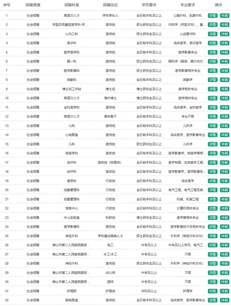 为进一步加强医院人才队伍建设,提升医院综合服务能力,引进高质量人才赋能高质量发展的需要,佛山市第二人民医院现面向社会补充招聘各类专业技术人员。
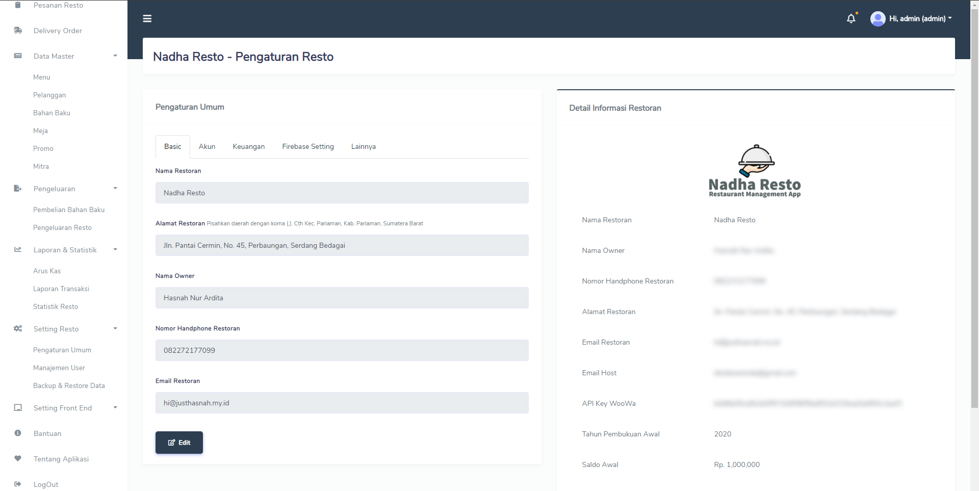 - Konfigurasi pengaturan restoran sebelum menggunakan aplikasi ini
* * *
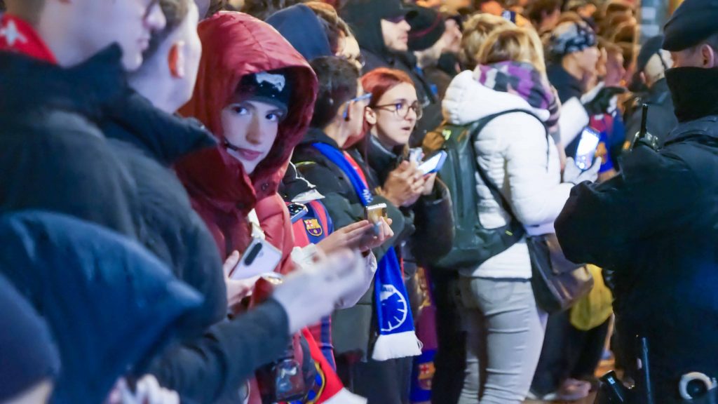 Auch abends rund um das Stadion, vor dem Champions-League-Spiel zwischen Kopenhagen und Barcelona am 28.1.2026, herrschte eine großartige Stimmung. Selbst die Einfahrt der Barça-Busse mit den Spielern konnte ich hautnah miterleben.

:: Goal of the exercise ::
Go down the entries above from the line containing "为进一步加强医院人才队伍建设" to the line containing "- Konfigurasi pengaturan" and write out each line exactly, leaving pictures out.

:: Solved problem ::
 为进一步加强医院人才队伍建设,提升医院综合服务能力,引进高质量人才赋能高质量发展的需要,佛山市第二人民医院现面向社会补充招聘各类专业技术人员。
 - Konfigurasi pengaturan restoran sebelum menggunakan aplikasi ini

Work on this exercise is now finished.